All things considered, these findings suggest that obesity does not significantly influence the N-glycosylation pattern of IgG. However, alterations in the N-glycan profile of antibodies may serve as valuable indicators for diagnosing GDM in mothers with a normal BMI. Furthermore, these variations could help to pinpoint individuals within the normal BMI range at an increased risk of developing GDM.
These findings suggest potential clinical applications in identifying and differentiating pregnant women at risk for obesity-related GDM based on glycan profiling. Specifically, the distinct glycosylation patterns could serve as biomarkers for early diagnosis and risk stratification in prenatal care. In first-trimester screening, glycan profiling could help stratify pregnant women with obesity based on high metabolic risk. Pregnant women with glycosylation patterns indicating a higher risk of GDM could be monitored more closely for metabolic complications, and it could guide personalized interventions, such as future deals in diabetes care. Strategies to enhance or restore optimal glycosylation patterns could be explored as adjuncts to traditional GDM management.

5. Limitations

The limitations of our study are the small number of cases in the GDM and obese groups, which can be explained by the fact that obesity is so often associated with GDM that it is very difficult to recruit suitable subjects into these groups in the third trimester of pregnancy. The exclusion criteria helped to homogenize the group, but the number of excluded cases was very high.

6. Conclusions

By incorporating N-glycan-based biomarkers into clinical diagnosis practice, healthcare providers can rely on early detection, personalize management strategies, and potentially mitigate adverse pregnancy outcomes associated with obesity and GDM.

Author Contributions

B.K. and Z.G. collected and prepared the human samples and collected and analyzed clinical data; A.F. performed IgG purification, preparation for N-glycosylation analysis and CE-LIF separations, raw data evaluation. A.F. and Z.K. prepared the statistical analysis; A.G., A.S. and A.F. designed the study; A.S. and A.F. wrote the manuscript; Z.K., A.G. and S.G.V. reviewed and finalized the manuscript. All authors have read and agreed to the published version of the manuscript.

Funding

This work was supported by the University of Szeged, Albert Szentgyörgyi Medical School, Faculty Research Grant, ‘Géza Hetényi’ Fund [No.:5S 724 (A202)], ‘Bohdan Malaniak CSMC—RECOOP Young Scientists Research Grant BMYS 2019–2020 Farkas—Guttman #008 Modification of IgG-glycosylation and plasma N-glycome related to obesity during pregnancy and by the University of Debrecen Program for Scientific Publication PTP2025. This is contribution #219 of the Horváth Csaba Memorial Laboratory of Bioseparation Sciences.

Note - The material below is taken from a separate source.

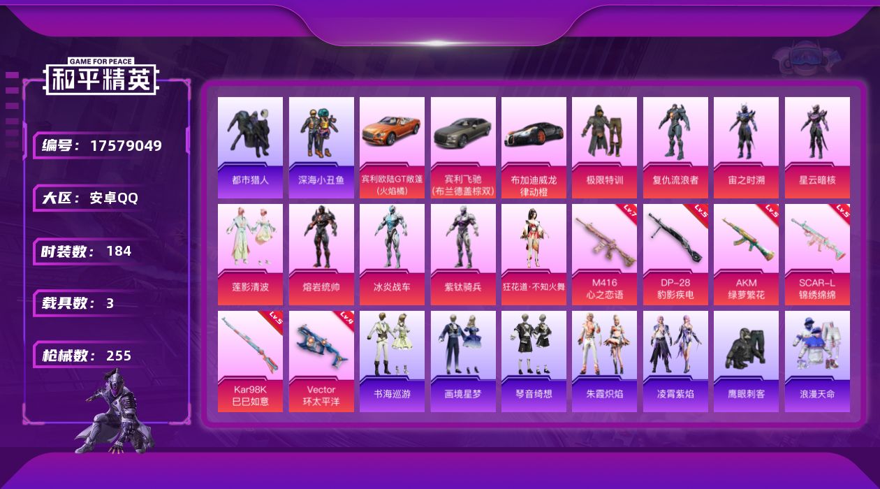 [17579049]实名: 不可修改 时装数: 184 载具数: 3 枪械数: 255 战备数: 180 热门装扮: 极限特训,深海小丑鱼,鹰眼刺客,都市猎人,复仇流浪者,宙之时溯,星云暗核,莲影清波,紫钛骑兵,冰炎战车,熔岩统帅,狂花道·不知火舞 载具: 宾利飞驰(布罗德盖棕双色),宾利欧陆GT敞篷(火焰橘),布加迪威龙(律动橙) 稀有枪皮: M416心之恋语,Vector环太平洋,AKM绿萝繁花,SCAR-L-锦绣绵绵,Kar98K-巳巳如意,DP-28-豹影疾电 亮点: 【店主推荐捡漏号!可直接换绑】安卓 手Q-9粉装-8特效枪-3载具-3粉色飞行器-76431热力值-15王牌印记-184套装-255枪皮【热门品类】:套装-浪漫天命,套装-都市猎人,套装-深海小丑鱼,角色-军刀雅典娜,套装-龟仙人,套装-暗影哥特【粉色套装】:粉装-极限特训,角色-复仇流浪者,角色-宙之时溯,角色-星云暗核,粉装-莲影清波,角色-熔岩统帅,角色-冰炎战车,角色-紫钛骑兵,角色-狂花道·不知火舞【粉色枪皮等级】:AKM-绿萝繁花(五级),SCAR-L-锦绣绵绵(五级),M416-心之恋语(七级),ACE32-萌骑漫游(一级),Vector-环太平洋(四级),Kar98K-巳巳如意(五级),Mk14-福马献瑞(五级),DP-28-豹影疾电(五级)【粉色载具】:宾利欧陆GT敞篷(火焰橘),宾利飞驰(布罗德盖棕双色),布加迪威龙(律动橙)【粉色枪皮】:AKM-绿萝繁花,SCAR-L-锦绣绵绵,M416-心之恋语,ACE32-萌骑漫游,Vector-环太平洋,Kar98K-巳巳如意,Mk14-福马献瑞,DP-28-豹影疾电【粉色飞行器】:炫彩糖果飞行器,梦幻火箭飞行器,繁龙极客飞行器
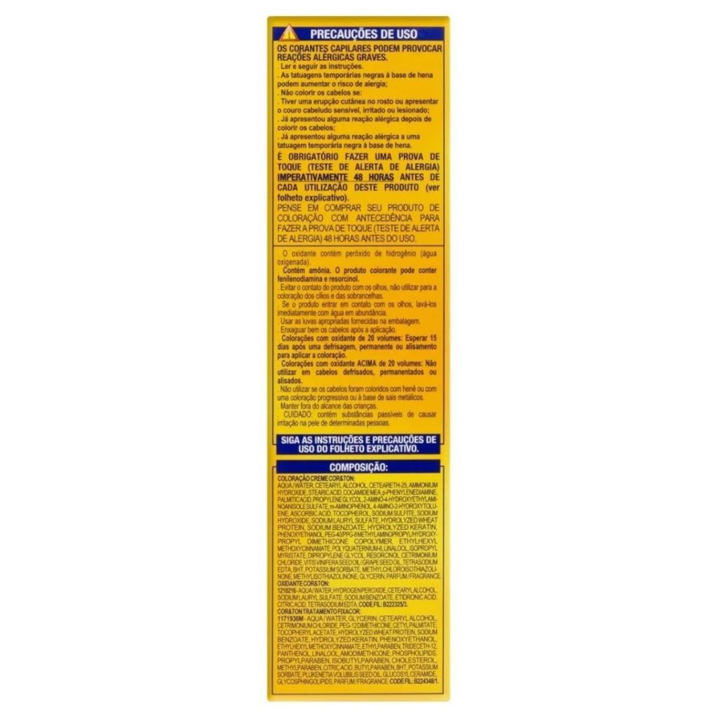 Tinta de Cabelo Cor&Ton Niely Preto 2.0 Principais Características - Cor Intensa e Duradoura: Proporciona uma cobertura uniforme, com coloração intensa e brilho radiante que dura por semanas. - Fórmula Nutritiva: Enriquecida com proteínas e óleos hidratantes que cuidam da saúde dos fios durante o processo de coloração. - Cobertura Total dos Fios Brancos: Garante excelente desempenho mesmo em cabelos com alta concentração de fios brancos. Benefícios - Realça a beleza dos cabelos com uma cor vibrante e aspecto saudável. - Protege os fios durante o processo de coloração, evitando ressecamento. - Fácil aplicação, com resultados profissionais no conforto de casa. Diferenciais do Produto - Acompanha sachê de tratamento pós-coloração que ajuda a manter a maciez e o brilho dos cabelos. - Tecnologia exclusiva que penetra profundamente nos fios, fixando a cor de forma eficaz. - Ideal para todos os tipos de cabelo, oferecendo uma experiência de coloração premium. Especificações Técnicas - Peso: 200g (aproximadamente, incluindo embalagem). Instruções de Uso - Misture o creme colorante com o revelador conforme as instruções da embalagem. - Aplique a mistura nos cabelos secos e desembaraçados, iniciando pela raiz. - Deixe agir pelo tempo indicado e enxágue com água morna. Finalize aplicando o tratamento pós-coloração. Avisos e Precauções - Realize o teste de mecha e o teste de alergia 48 horas antes de utilizar o produto. - Não aplique em couro cabeludo irritado ou lesionado. - Evite contato com os olhos; em caso de contato, enxágue imediatamente com água em abundância. - Mantenha fora do alcance de crianças. O que está incluso? - 1 bisnaga de creme colorante. - 1 frasco de emulsão reveladora. - 1 sachê de tratamento pós-coloração. - 1 par de luvas. - 1 folheto explicativo. ---- DÚVIDAS FREQUENTES ---- Os produtos são originais? Sim. Todos os nossos produtos são originais. Emitem nota fiscal? Sim. Emitimos nota fiscal para todos os pedidos.

Institutional Review Board Statement

The study was conducted by the Declaration of Helsinki and approved by the Human Investigation Review Board University of Szeged, Albert Szent-Györgyi Medical School (protocol code SZTE SZAAOK 172/2018 and date of approval: 15 October 2018).

Informed Consent Statement

All pregnant women taking part in the study were informed about the details of the study, and written informed consent was obtained from all patients.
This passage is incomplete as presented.